Quote only the lines that start at the line with "20대 30대 여자 향수 추천 랑방 잔느와 꽃다발이 어우러진 감성 연출 사진" and run to the end of the entries; omit the pictures.

··· SOURCE MATERIAL

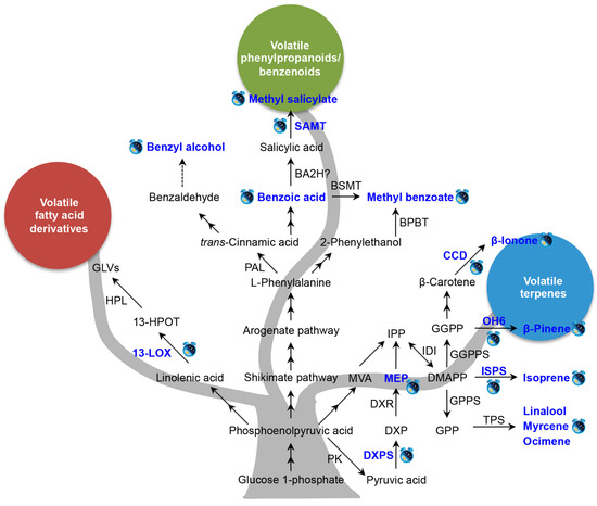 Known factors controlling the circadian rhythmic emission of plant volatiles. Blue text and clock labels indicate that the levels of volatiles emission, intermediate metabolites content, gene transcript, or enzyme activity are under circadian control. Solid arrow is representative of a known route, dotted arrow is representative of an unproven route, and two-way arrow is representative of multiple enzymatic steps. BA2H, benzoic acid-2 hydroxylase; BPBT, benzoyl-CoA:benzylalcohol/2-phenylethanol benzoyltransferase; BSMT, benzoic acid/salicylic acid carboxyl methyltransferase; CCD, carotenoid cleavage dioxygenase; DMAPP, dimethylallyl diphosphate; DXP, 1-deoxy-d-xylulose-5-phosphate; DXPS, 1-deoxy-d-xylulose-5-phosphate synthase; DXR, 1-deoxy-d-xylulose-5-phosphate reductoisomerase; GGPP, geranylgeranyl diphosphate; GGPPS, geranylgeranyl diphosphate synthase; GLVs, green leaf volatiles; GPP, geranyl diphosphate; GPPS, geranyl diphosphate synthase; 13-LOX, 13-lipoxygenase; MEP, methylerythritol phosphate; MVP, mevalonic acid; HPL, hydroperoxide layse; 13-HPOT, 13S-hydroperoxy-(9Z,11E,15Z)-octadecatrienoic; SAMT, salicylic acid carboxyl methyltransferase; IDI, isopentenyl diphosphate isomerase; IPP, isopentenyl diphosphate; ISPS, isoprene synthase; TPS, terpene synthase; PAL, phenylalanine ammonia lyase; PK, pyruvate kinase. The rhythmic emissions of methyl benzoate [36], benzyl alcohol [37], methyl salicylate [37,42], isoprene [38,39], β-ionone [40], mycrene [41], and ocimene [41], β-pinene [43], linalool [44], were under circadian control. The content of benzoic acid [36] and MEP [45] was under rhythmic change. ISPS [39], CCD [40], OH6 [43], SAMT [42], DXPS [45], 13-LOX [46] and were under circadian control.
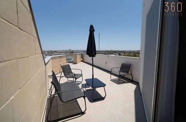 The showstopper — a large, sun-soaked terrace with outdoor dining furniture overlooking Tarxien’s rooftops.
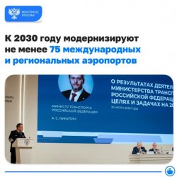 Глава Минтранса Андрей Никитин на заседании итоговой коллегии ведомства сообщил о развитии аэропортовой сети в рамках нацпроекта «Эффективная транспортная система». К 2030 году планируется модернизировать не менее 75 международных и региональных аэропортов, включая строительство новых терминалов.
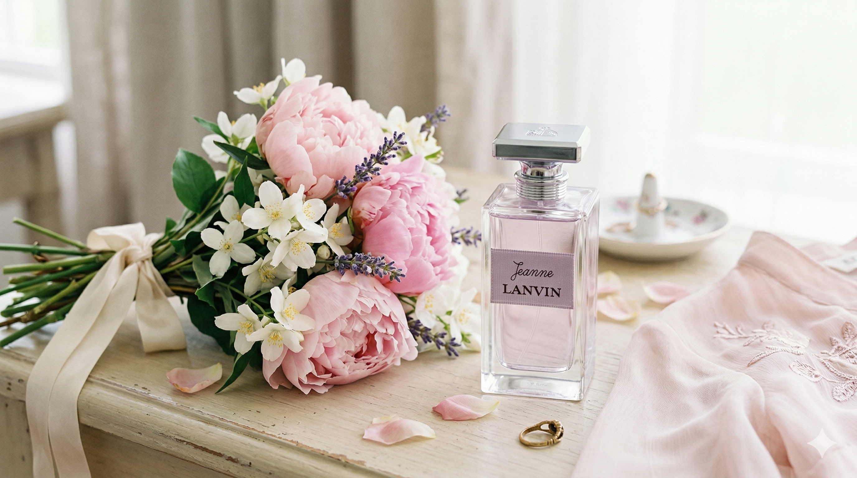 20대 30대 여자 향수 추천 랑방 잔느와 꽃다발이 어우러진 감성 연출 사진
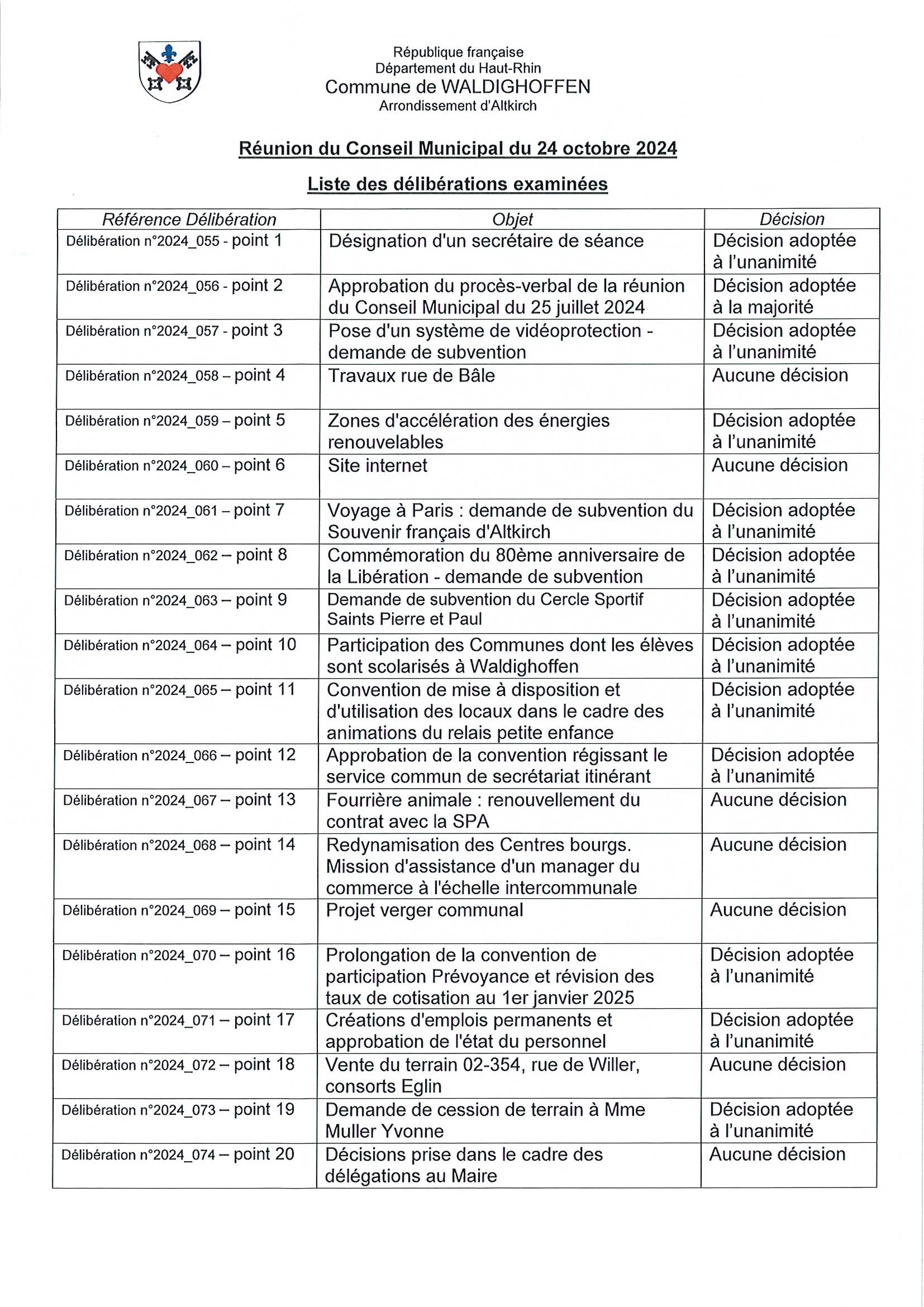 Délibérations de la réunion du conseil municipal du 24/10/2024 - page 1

······

EXPECTED ANSWER |
 20대 30대 여자 향수 추천 랑방 잔느와 꽃다발이 어우러진 감성 연출 사진
 Délibérations de la réunion du conseil municipal du 24/10/2024 - page 1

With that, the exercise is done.